Numerous reports claim that 1.1.1 firmware update disables unlocked devices

By Gregg Keizer
September 27, 2007 12:00 PM ET

Computerworld - The iPhone firmware update released Thursday by Apple Inc. has disabled unlocked iPhones and wiped clean any evidence of unauthorized third-party applications, users and developers reported.

On Monday, Apple warned customers that unlocked iPhones might be crippled, or "bricked," by the new upgrade. From reports posted by bloggers and iPhone owners, as well as at least one group of unlock hackers, it appears the company made good on its promise.

Before the update installs, it displays a security message -- the first time Apple has done this on iPhone upgrades -- that essentially repeats the Monday caution:

"Warning: Apple has discovered that some of the unauthorized unlocking programs available on the Internet may cause irreparable damage to the iPhone's software," the message read. "If you have modified your iPhone's software, applying this software update may result in your iPhone becoming permanently inoperable."

Owners of unlocked iPhones who proceeded with the update have filed somewhat conflicting reports, but the most credible accounts conclude that their devices are incapacitated. Jim Dalrymple, the news director of Computerworld sister publication MacWorld.com, reported that staffer iPhones restarted after the update with the message "Insert an unlocked and valid SIM to activate iPhone." Only the iPhone's ability to make emergency calls remained intact, Dalrymple said.

Other reports, including one filed by the Gizmodo Web site, essentially reached the same conclusion. "The update will work OK in unlocked iPhones, but it will return your iPhone to the activation screen," Gizmodo said. "From there, no activation is possible." Even inserting a legitimate, never-before-used SIM from AT&T does not bring back a post-update unlocked iPhone, concluded Gizmodo. "The phone isn't bricked, but if it can't read a SIM, it can't dial. So it's partially bricked."

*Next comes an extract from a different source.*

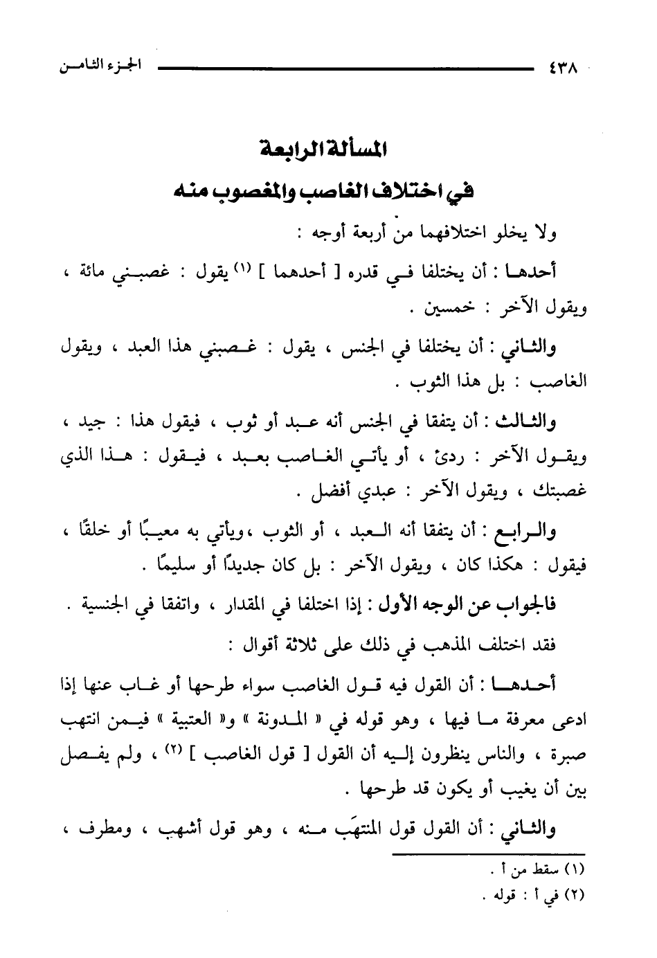 والثالث: أن يتفقا في الجنس أنه عبد أو ثوب، فيقول هذا: جيد، ويقول الآخر: ردئ، أو يأتي الغاصب بعبد، فيقول: هذا الذي غصبتك، ويقول الآخر: عبدي أفضل.

iPhoneSIMFree, a group of unnamed developers who created the first commercial unlock hack, confirmed the bricking, but also contradicted the Gizmodo account on one crucial point. "If you are using an original activated AT&T SIM, you can activate and use the phone with no issues at all," the group said on its Web site today. "Unfortunately, currently there is no way to jailbreak/reactivate the phone for use with a SIM card other than the original AT&T card."

The 1.1.1 update also disables third-party applications installed on the iPhone using the popular Installer.app hack, numerous users said. Others noted that non-iTunes ring tones, also added to iPhones using end-around software, would not work.

For those who haven't unlocked or modified their iPhones, the 152MB update presented few problems. Among its prosaic components are access to the new iTunes Wi-Fi music store, a fix for the low speakerphone and receiver volume problem many users have reported, and the ability to view e-mail attachments in both portrait and landscape mode. Also included in the update are patches for 10 vulnerabilities, seven of which involve the iPhone's built-in Safari browser.

As of 8 p.m. EDT, the iPhone Dev Team, a group of developers who earlier this week called out Apple, saying that it would come up with a way to salvage any disabled iPhone, had not issued any statement on its Web site or on the Hackint0sh message forum.

It may be some time before the full impact of the 1.1.1 update on unlocked or "modded" iPhones is known, and if iPhoneSIMFree's take is any indication, an even longer time before a way around Apple's block is discovered.

"The thousands of open source developers who have put a cumulative 10s of thousands of man hours into various apps and tools now have no way to get them onto the phone as well," iPhoneSIMFree said today. "We are all looking into the jailbreak issue as it affects us all, and we will keep updating our site as well as the open source community at large with any information we can about this."